1. Select a two-dimensional array from the second axis, starting with `data[:, 0, :]`. This ndarray will have shape `(batch_size, num_features)`.

2. Initialize a **hidden state** for the `RNNLayer` that will continually get updated with each sequence element passed in, this time of shape `(batch_size, hidden_size)`. This ndarray will represent the layer’s **accumulated information** about the data that has been passed in during the prior time steps.

3. Pass these two ndarrays forward through the first time step in this layer. We'll end up designing `RNNLayer` to output `ndarrays` of different dimensionality than the inputs, just like regular Dense layers can, so the output will be of shape `(batch_size, num_outputs)`. In addition, update the neural network’s representation for **each observation**: at **each time step**, our `RNNLayer` should also output an ndarray of shape `(batch_size, hidden_size)`.

4. Select the next two-dimensional array from data: `data[:, 1, :]`.

5. Pass this data, as well as the values of the `RNN`’s representations outputted at the first time step, into the second time step at this layer to get another output of shape `(batch_size, num_outputs)`, as well as updated representations of shape `(batch_size, hidden_size)`.

6. Continue until all sequence_length time steps have been passed through the layer.
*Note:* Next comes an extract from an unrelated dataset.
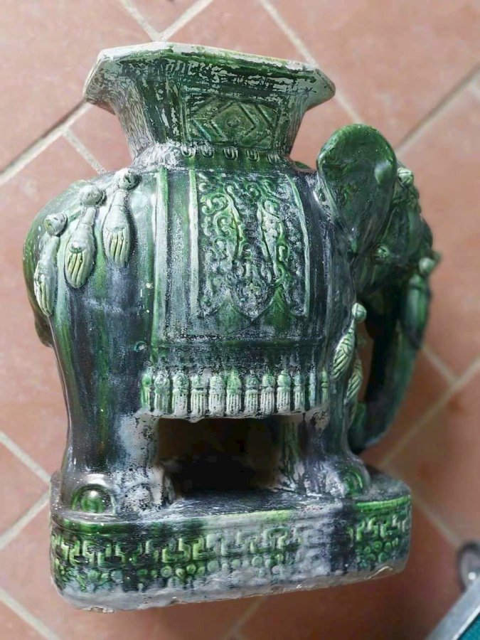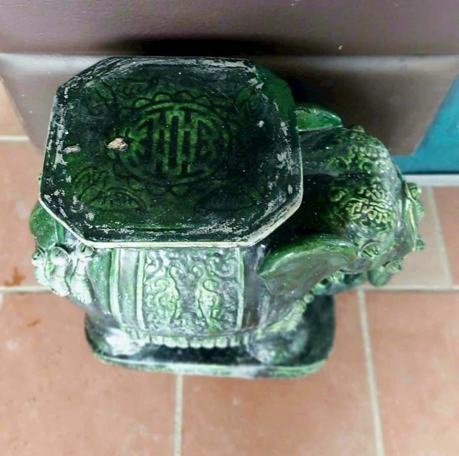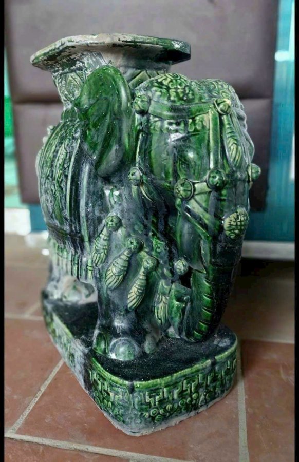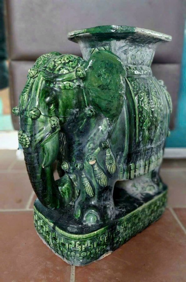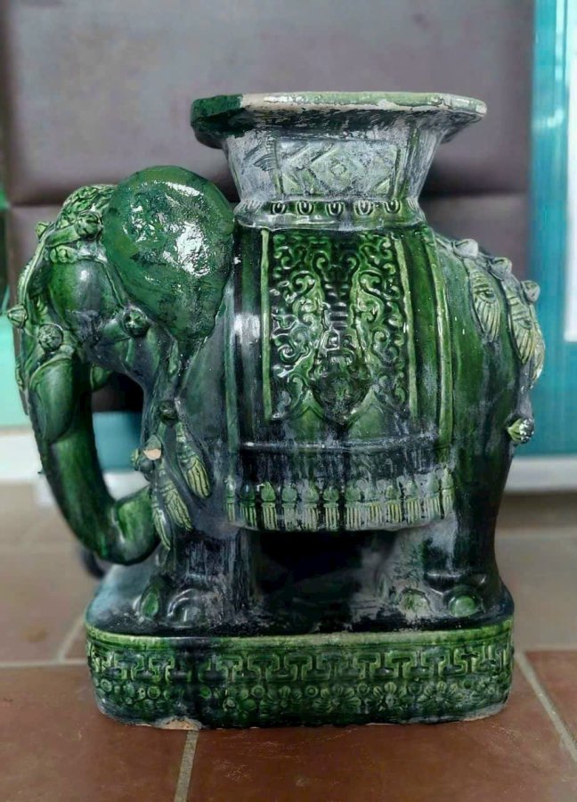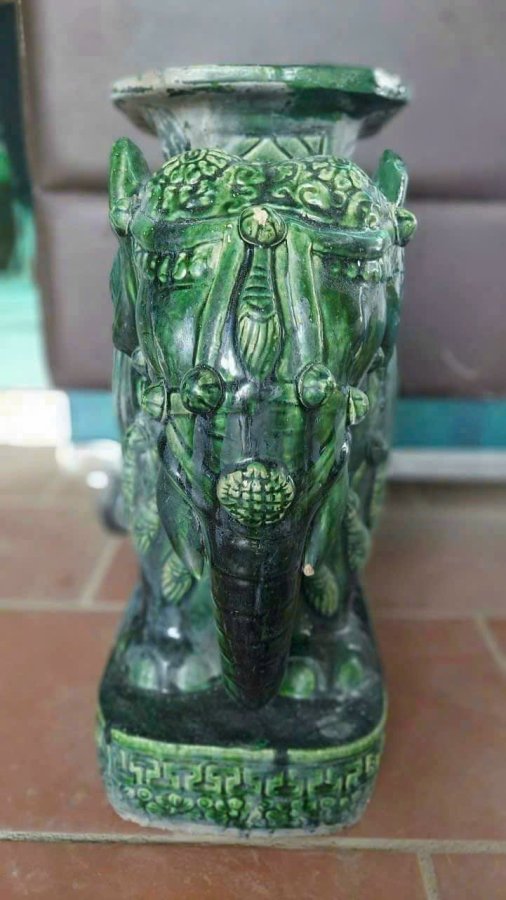 Đôn voi lục gốm Lái Thiêu xưa.Cao 51cm*đkm đôn 21cm*24cm.Sửa nhẹ 1 tai và góc mặt đôn.

Then concatenate all the results together to get an output from that layer of shape `(batch_size, sequence_length, num_outputs)`.

This gives us an idea of how our `RNNLayers` should work—and we'll solidify this understanding when we code it up—but it also hints that we'll need another class to handle receiving the data and updating the layer's hidden state at each time step. For this we'll use the `RNNNode`, the next class we’ll cover.

### The Second Class for RNNs: RNNNode

Based on the description from the prior section, an RNNNode should have a forward method with the following inputs and outputs:

Two ndarrays as inputs:

One for the data inputs to the network, of shape `[batch_size, num_features]`

One for the representations of the observations at that time step, of shape `[batch_size, hidden_size]`

Two ndarrays as outputs:

One for the outputs of the network at that time step, or shape `[batch_size, num_outputs]`

One for the updated representations of the observations at that time step, of shape: `[batch_size, hidden_size]`

Next, we’ll show how the two classes, RNNNode and RNNLayer, fit together.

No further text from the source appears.